Am Sonntagabend gab ÖOC-Präsident Karl Stoss eine Abschiedsparty im Haus der Lotterien, womit das Verabschieden aber natürlich längst nicht erledigt war. Für heute, Montag, lud zunächst Verteidigungs- und Sportminister Norbert Darabos zur Verabschiedung der olympischen Heeressportler. Dann hat die gesamte in Wien befindliche Mannschaft bei Bundespräsident Heinz Fischer anzutreten - Vereidigung und Verabschiedung. Ähnliche Lustbarkeiten warten dann noch auf die Wiener Olympia-Teilnehmer bei Bürgermeister Michael Häupl und auf ihre niederösterreichischen Kollegen bei der zuständigen Landesrätin Petra Bohuslav.
Rogan lässt aus
Erspart hat sich das Schaulaufen in Wien zum Beispiel Markus Rogan, der bei der olympischen Eröffnungsfeier am 27. Juli die österreichische Fahne tragen wird ("Die größte Ehre meines Lebens."). Der 30-Jährige schwamm beim LA Invite in Los Angeles wie erwartet zum Sieg über 200 m Kraul, blieb aber in 1:51,35 Minuten deutlich über der angestrebten Marke von unter 1:50 Minuten. "Es war mehr ein Training unter Wettkampfbedingungen", sagte Rogan, der mit Coach Kevin Clements nun zum Training in die Schweiz übersiedelt, wohin ihm auch die Olympia-Panier nachgeschickt wird.

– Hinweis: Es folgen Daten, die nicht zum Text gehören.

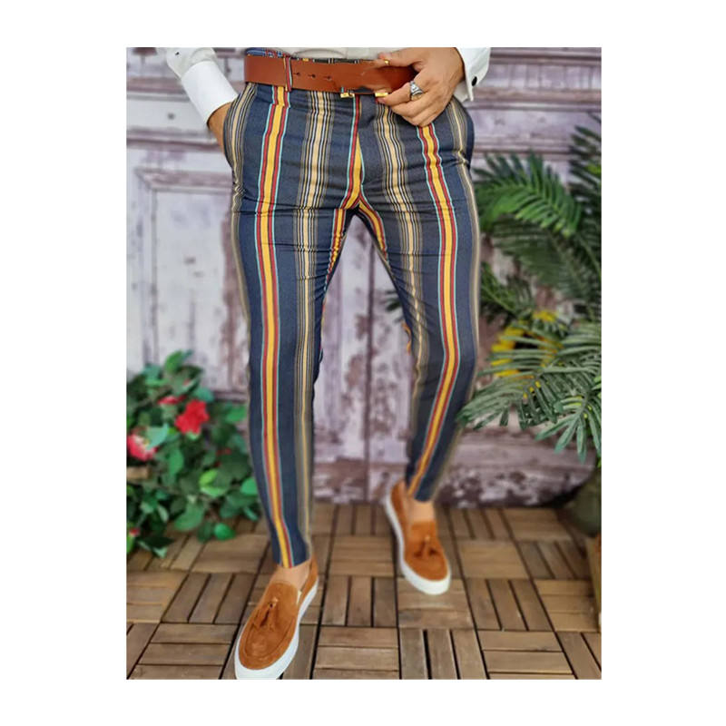 Pantaloni Slim Fit a Righe Vintage da Uomo, Nuovi Pantaloni Casual a Vita Media Elasticizzati
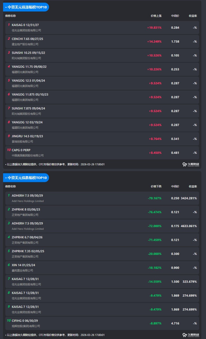 3月25日,中资美元债涨跌幅榜TOP10如下:
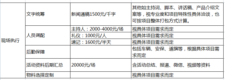 3、后勤保障:舉辦大型活動時,為了保障嘉賓安全,渲染現(xiàn)場氣氛,通常需要有一系列的車輛、安保、道路指引旗幟等工作。深圳新聞網(wǎng)擁有豐富的大型現(xiàn)場活動把控經(jīng)驗,特別是與相關(guān)部門,如城管、公安、交通等主管職能機構(gòu)溝通、協(xié)調(diào)、策劃的能力,保障活動安全,萬無一失。具體費用需要依據(jù)項目的規(guī)模、時長、等級來具體商議。

Besser geriet Hürdensprinterin Beate Schrott die Generalprobe für Olympia. Die EM-Vierte aus Niederösterreich lief am Samstag beim Diamond-League-Meeting in London innert 12,96 Sekunden persönliche Saisonbestzeit und verfehlte ihren Landesrekord nur um eine Hundertstelsekunde. Schrott belegte damit in ihrem Lauf, den Olympia-Favoritin Sally Pearson aus Australien in 12,53 gewann, Rang sechs und wurde unter 18 Athletinnen Zwölfte.
Tamira Paszek vertrat Österreichs Tennis-Trio bei der Einkleidung und den Verabschiedungen. Ob die Vorarlbergerin beim olympischen Turnier in Wimbledon nur im Einzel oder auch im Mixed-Bewerb mit Jürgen Melzer antreten kann, ist noch offen. 23 Nationen sind in den Einzeln vertreten, das Mixed wird aber mit einem 16er-Raster gespielt. Über die Teilnahme entscheiden bei Herr und Dame das bessere Ranking in Einzel und Doppel per 11. Juni. Melzer war da die Nummer 17 im Doppel, Paszek die 58 im Einzel - ergibt 75. Wie viele Paare besser dastehen, stellt sich zum Mixed-Nennschluss am 31. Juli heraus. (APA, red, DER STANDARD, 16.07.2012)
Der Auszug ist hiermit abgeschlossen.